Sentiment analysis solutions are used to extract meaning from millions of messages. They identify sentiment among one or several sentences in the post in order to measure overall public opinion on a particular brand or event. The emotion in such posts might not be explicitly expressed, or it can be mixed, and sentiment analysis solutions have to cope with this issue. Sentiment analysis helps companies with the following tasks:

 

  • sentiment analysis as a competitive advantage

Knowing the general sentiment of your company’s audience doesn’t give you much, but modern sentiment analysis solutions allow to compare your indicators to those of your competitors’. With accurately adjusted text categorization, companies get valuable information about aspects of their business they need to improve, and what is it exactly that does not satisfy their customers.

 

  • sentiment analysis for better customer experience

Sentiment analysis provides companies with a much-needed assist to stay responsive to their customers. Companies have long depended on data from customer surveys, call center interactions and focus groups.

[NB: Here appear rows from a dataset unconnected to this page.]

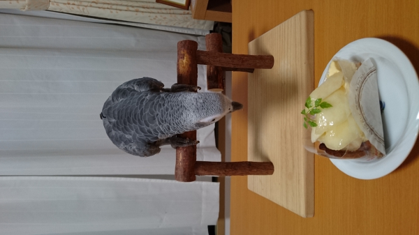 私はパンの欠片もあげない主義なので、りのちゃんは私が食べるのを眺めるのみです。
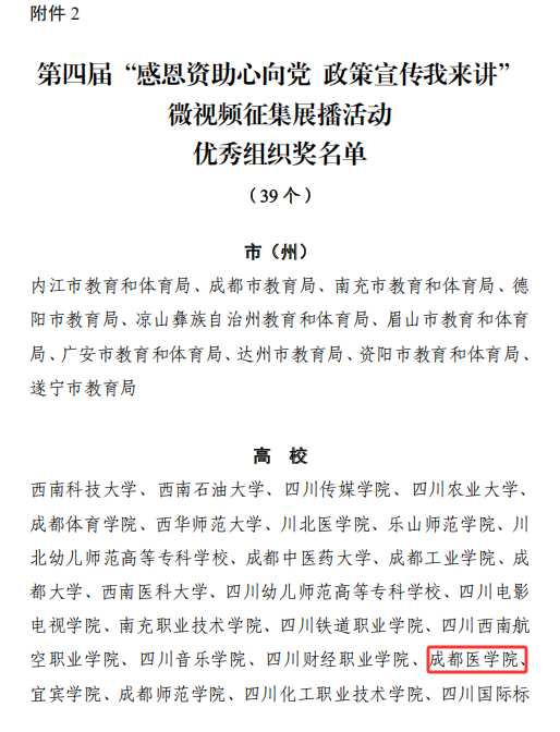 在第四届“感恩资助心向党 政策宣传我来讲”微视频征集展播活动中,成都医学院两部作品荣获优秀奖,学校获优秀组织奖。
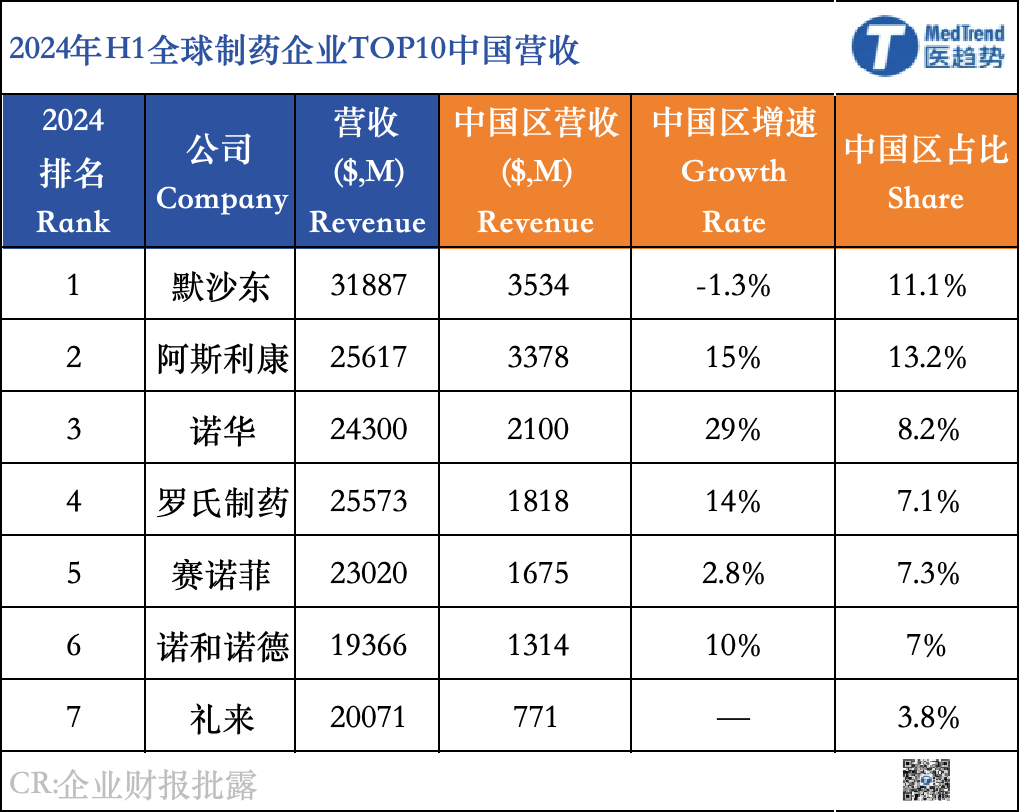*大部分MNC只公布2024H1中国区营收,未公布前三季度中国区营收,所以以H1分析MNC2024年在中国区的表现。

Such data was structured, kept in one place and handled through BI applications in order to help in improving customer service and product enhancement. Such approach is very slow and doesn’t allow to act in a proactive manner.

The situation has radically changed with the emergence of social media and various online platforms, where the majority of companies’ customers, both satisfied and furious, are dwelling. And this is their opinion that counts and shapes brands’ perception and sentiment. Sentiment analysis solutions allow to quickly analyse large amounts of data and address the potential issues.

 

  • sentiment analysis for adequate brand perception

Brands are not defined by their products and services. Fame that builds a brand majorly depends on online marketing, social campaigns, and work of customer support services. Keeping past sentiments in mind brand managers can constantly improve their performance and develop more appealing branding techniques.

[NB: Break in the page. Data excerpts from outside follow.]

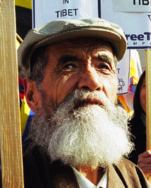 Der über siebzig Jahre alte ehemalige politische Gefangene Takna Jigme Sangpo verbüßte die längste Haftstrafe von allen Gewissensgefangenen in Tibet. Nach seiner aus Gesundheitsgründen erfolgten Entlassung aus der Haft sprach er vor verschiedenen Foren über Tibet und die Menschenrechte in China. Siebenunddreißig Jahre hinter Gittern konnten den Geist des bärtigen alten Mannes nicht brechen. Körperlich gebrechlich, doch geistig voller Kraft sprach er nach seiner Ankunft in Dharamsala am 16. März mit Pressevertretern. Hier folgen einige Auszüge aus dem Interview: Photo von FTC: Takna Jigme Sangpo am 7. März 2004 bei einer Demonstration in London, siehe www.freetibet.org |
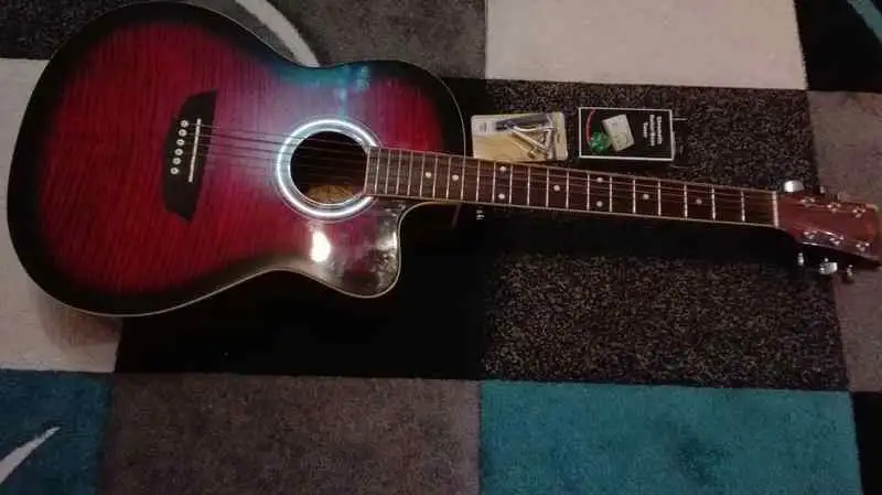 Free tuner and capo! A good beginner instrument, the truss rod works, with Martin Bronze strings (needs changing soon).
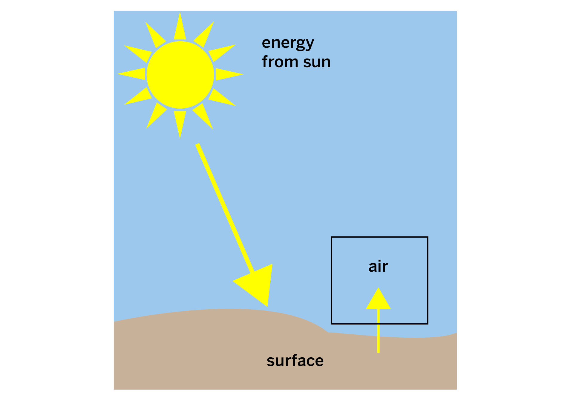 What do you notice about the temperature of the surrounding air at different heights above Earth’s surface?
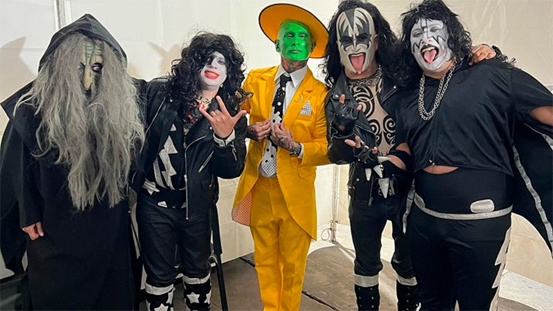 Con un traje amarillo al igual que su sombrero, una camisa blanca, corbata negra y toda su cara pintada de color verde, Emanuel Noir brilló en escenario de la Fiesta de Disfraces junto con todos los integrantes de Ke Personajes que personificaban a la banda Kiss, con sus caras pintas de blanco y negro.

There are many other possible applications of natural language processing that remain to be seen. Have an idea but need some help implementing it? Contact us and we will help.

3. Semantic Search

The way people consume information has dramatically changed in last two decades. It wasn’t long ago when we turned to libraries, dictionaries, phone books, and paper newspapers for information. Now we simply turn to the web for answers. Answering more complex questions could take days, now we get the answers in mere seconds. The accuracy of such answers majorly depends on how “smart” is the search. This is why the best search engines are now powered by natural language processing technology. It allows to provide information requested by a user rather than making him go through all the related keyword results.

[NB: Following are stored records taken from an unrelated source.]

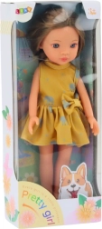 Sladka lutka višine 33 cm je idealna za vsakodnevno zabavo. Ima nežen makeup, oblečena je v rumene obleke z vzorci slonov in belimi čevlji. Eleganten stil las spodbuja otroško kreativnost.
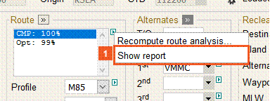 The Route Analysis, whether displayed in the Route Group on the PLAN UI, or here in the ROUTE UI, will display the available routes ordered by the selected optimization method. Possible optimization methods include Least Cost, Least Fuel, and Least Time.
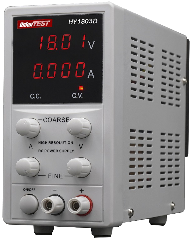 UnionTest HY1803D – источник питания, позволяющий получать регулируемое, точное и стабильное постоянное напряжение или постоянный ток. Две пары регуляторов грубой и точной настройки облегчают установку напряжения и тока, а цифровые индикаторы тока и напряжения упрощают считывание параметров выхода.
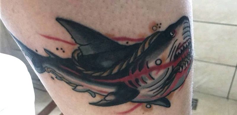 • T网红王老大花腿龙纹身图片_腿部新传统纹身图案
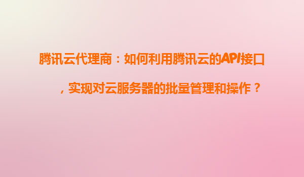 2025-10-29騰訊云代理商:如何利用騰訊云的API接口,實(shí)現(xiàn)對云服務(wù)器的批量管理和操作? 一、騰訊云API接口的優(yōu)勢 騰訊云提供豐富的API接口,覆蓋計(jì)算、存儲、網(wǎng)絡(luò)、安全等各類云服務(wù)。這些API接口為...
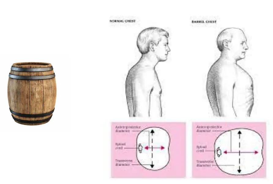 a) Hyperinflation: During expiration, lungs don’t collapse fully, so air gets trapped inside (so total lung capacity TLC is increased)

Semantic search engines can already be found in browsers, smartphones, e-commerce platforms, corporate programs such as CRMs, mobile applications, you name it.

The number of long-tail search requests on the Internet is increasing every year. This means that consumers are getting used to massively utilize semantic search engines, and the applications and platforms that still use old-fashioned keyword search engines will continue missing out on potential sales.       

4. Question answering

Modern search engines can supply us with lots of useful information, but when it comes to answering really specific questions asked by humans, the answers are still quite primitive. This is where chatbots are gaining trust and popularity. Analysts predict that they will take over certain customer-service functions in less than five years. Chatbots are able to provide automated, real-time responses to simple customer-service problems and questions.

Research around question answering solutions is based on dealing with a wide range of question types including fact, list, definition, how, why, hypothetical and other types.

QA solutions can be divided on closed-domain question answering and open-domain question ones. Closed-domain question answering deals with questions under a specific domain, and it can be seen as an easier task because natural language processing systems can exploit domain-specific knowledge frequently formalized in ontologies. Alternatively, closed-domain might refer to a situation where only a limited type of questions are accepted, for example, questions asking for descriptive rather than procedural information.  

Open-domain question answering deals with the questions about nearly anything, and can only rely on general ontologies and world knowledge. On the other hand, these systems usually have much more data available from which to extract answers.

Things to consider

Natural language processing technology implementation is associated with two major challenges. The first one is that that there is no universal domain-independent NLP solution. A solution that works for financial industry will not work for a gaming company. Text analysis solutions need to be trained and customized for each particular case.

The second challenge is that it is hard to predict how long training will take, how accurate the results will be, and how accurate they have to be to deliver business benefits.

Overcoming these challenges will help NLP service providers gain more and more trust among their clients, meanwhile using natural language processing for creating a seamless and interactive communication between humans and machines will continue to be a top priority for today’s cognitive applications and products.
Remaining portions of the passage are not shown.